Work task
Using the listing below, retype exactly the lines starting at the one with "Deixe que o" and ending at the one with "2023春夏新款女装性感小心机蕾丝中长裙翻领短袖连衣裙子米色黑色", and include both.

Entries shown
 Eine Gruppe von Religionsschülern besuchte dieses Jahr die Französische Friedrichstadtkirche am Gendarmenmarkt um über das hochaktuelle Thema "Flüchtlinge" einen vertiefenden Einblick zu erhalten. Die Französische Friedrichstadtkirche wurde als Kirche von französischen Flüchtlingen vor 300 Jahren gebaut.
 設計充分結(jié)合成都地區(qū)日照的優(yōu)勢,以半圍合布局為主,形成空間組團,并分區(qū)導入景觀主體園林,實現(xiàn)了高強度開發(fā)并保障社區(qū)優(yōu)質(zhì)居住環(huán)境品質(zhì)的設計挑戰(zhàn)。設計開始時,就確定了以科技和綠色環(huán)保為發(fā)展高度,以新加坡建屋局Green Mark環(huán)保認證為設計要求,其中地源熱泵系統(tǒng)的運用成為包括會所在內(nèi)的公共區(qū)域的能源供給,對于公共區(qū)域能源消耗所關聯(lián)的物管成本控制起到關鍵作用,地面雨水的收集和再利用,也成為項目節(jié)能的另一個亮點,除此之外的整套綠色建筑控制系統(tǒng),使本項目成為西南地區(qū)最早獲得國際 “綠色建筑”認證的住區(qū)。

* * *

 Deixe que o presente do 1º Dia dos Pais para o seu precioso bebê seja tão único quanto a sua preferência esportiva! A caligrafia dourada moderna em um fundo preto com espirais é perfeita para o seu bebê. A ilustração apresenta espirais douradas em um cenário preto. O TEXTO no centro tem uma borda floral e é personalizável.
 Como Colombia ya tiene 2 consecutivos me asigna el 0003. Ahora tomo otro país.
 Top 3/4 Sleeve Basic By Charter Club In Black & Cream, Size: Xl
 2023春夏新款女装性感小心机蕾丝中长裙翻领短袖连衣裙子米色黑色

Completed exercise
 Deixe que o presente do 1º Dia dos Pais para o seu precioso bebê seja tão único quanto a sua preferência esportiva! A caligrafia dourada moderna em um fundo preto com espirais é perfeita para o seu bebê. A ilustração apresenta espirais douradas em um cenário preto. O TEXTO no centro tem uma borda floral e é personalizável.
 Como Colombia ya tiene 2 consecutivos me asigna el 0003. Ahora tomo otro país.
 Top 3/4 Sleeve Basic By Charter Club In Black & Cream, Size: Xl
 2023春夏新款女装性感小心机蕾丝中长裙翻领短袖连衣裙子米色黑色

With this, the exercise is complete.